EC2 not responding? The issue might be here (and it seems too basic to happen)
EC2 not responding? The issue might be here (and it seems too basic to happen)
EC2 没响应?问题可能出在这里(而且简单到令人难以置信)
In day-to-day cloud operations, some incidents stand out not because of their complexity, but quite the opposite. They are those cases where, once you discover the root cause, you think: “this can’t be it”. This is one of them. 在日常云运维中,有些故障之所以引人注目,并非因为它们复杂,恰恰相反。在这些案例中,当你发现根本原因时,你往往会想:“不可能是这个原因吧”。这就是其中之一。
The scenario
场景描述
The EC2 instance was running, with a public IP and everything seemingly correct. EC2 实例正在运行,拥有公网 IP,一切看起来都很正常。
- Status: running
- Public IP available
- No visible alerts
- 状态:运行中
- 公网 IP 可用
- 无可见告警
Even so, every attempt to access it resulted in a timeout. No clear error. No direct clue. 即便如此,每次尝试访问它都会导致超时。没有明确的错误提示,也没有直接的线索。
Where to look first
首先该检查哪里
In situations like this, before assuming something more complex, the first step is always to review the Security Group. More specifically: the inbound rules. 在这种情况下,在假设存在更复杂的问题之前,第一步永远是检查安全组(Security Group)。更具体地说:检查入站规则。
The problem
问题所在
When analyzing the Security Group, the situation was straightforward: No inbound rules configured. This means the instance was not accepting any external connections. No SSH, no HTTP, no any other port. This is expected behavior in AWS: everything is denied by default unless explicitly allowed. 分析安全组时,情况一目了然:没有配置任何入站规则。

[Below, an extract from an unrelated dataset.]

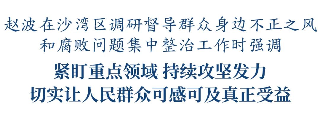赵波在沙湾区调研督导群众身边不正之风和腐败问题集中整治工作时强调:紧盯重点领域持续攻坚发力,切实让人民群众可感可及真正受益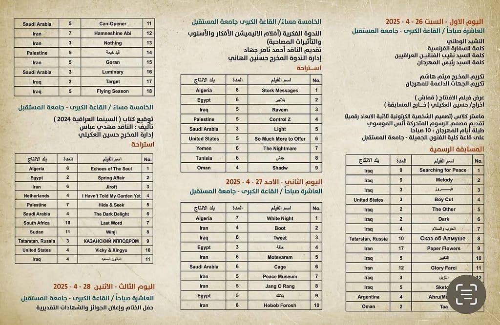 المنهاج الكامل لمهرجان بابل لسينما الأنيميشن Babel Film Festival for Animation النسخة الخامسة. شارك هذا الموضوع:فيس بوكXمعجب بهذه:إعجاب تحميل... مرتبط التصنيفات: 2025 0 تعليق اترك تعليقاً إلغاء الردلن يتم نشر عنوان بريدك الإلكتروني. الحقول الإلزامية مشار إليها بـ * الاسم * البريد الإلكتروني * الموقع الإلكتروني في ماذا تفكر؟ احفظ اسمي، بريدي الإلكتروني، والموقع الإلكتروني في هذا المتصفح لاستخدامها المرة المقبلة في تعليقي. أعلمني بمتابعة التعليقات بواسطة البريد الإلكتروني. أعلمني بالمواضيع الجديدة بواسطة البريد الإلكتروني. Δ

这意味着该实例不接受任何外部连接。无论是 SSH、HTTP 还是其他任何端口。这是 AWS 的预期行为:除非明确允许,否则默认拒绝所有流量。
Why this happens
为什么会发生这种情况
This type of situation is more common than it seems. Some examples: 这种情况比看起来更常见。例如:
- Creating an instance without reviewing the Security Group
- Using a default Security Group with no rules
- Changes made during testing that were not reverted
- Switching Security Groups without proper validation
- 创建实例时未检查安全组
- 使用了没有任何规则的默认安全组
- 测试期间所做的更改未还原
- 切换安全组时未进行适当验证
In the middle of daily operations, this kind of detail is easy to overlook. 在日常运维工作中,这类细节很容易被忽略。
How to fix
如何修复
The fix is simple: add the required rule to the Security Group. 修复方法很简单:在安全组中添加所需的规则。
Example for SSH access: 以 SSH 访问为例:
- Type: SSH
- Port: 22
- Source: your IP (recommended) or 0.0.0.0/0 for testing
- 类型:SSH
- 端口:22
- 源:你的 IP(推荐)或用于测试的 0.0.0.0/0
After the fix
修复之后
Once the rule was added, access to the instance was restored immediately. No restart required. No additional changes needed. 规则添加后,对实例的访问立即恢复。无需重启,也无需进行其他更改。
Practical takeaway
实践总结
Before assuming complex issues, always check the basics. In many cases, what looks like a serious incident is just a simple configuration that went unnoticed. And precisely because it looks simple, it happens more often than expected. 在假设存在复杂问题之前,请务必先检查基础配置。很多时候,看起来严重的故障仅仅是因为一个被忽视的简单配置。正因为它看起来简单,所以发生的频率往往比预想的要高。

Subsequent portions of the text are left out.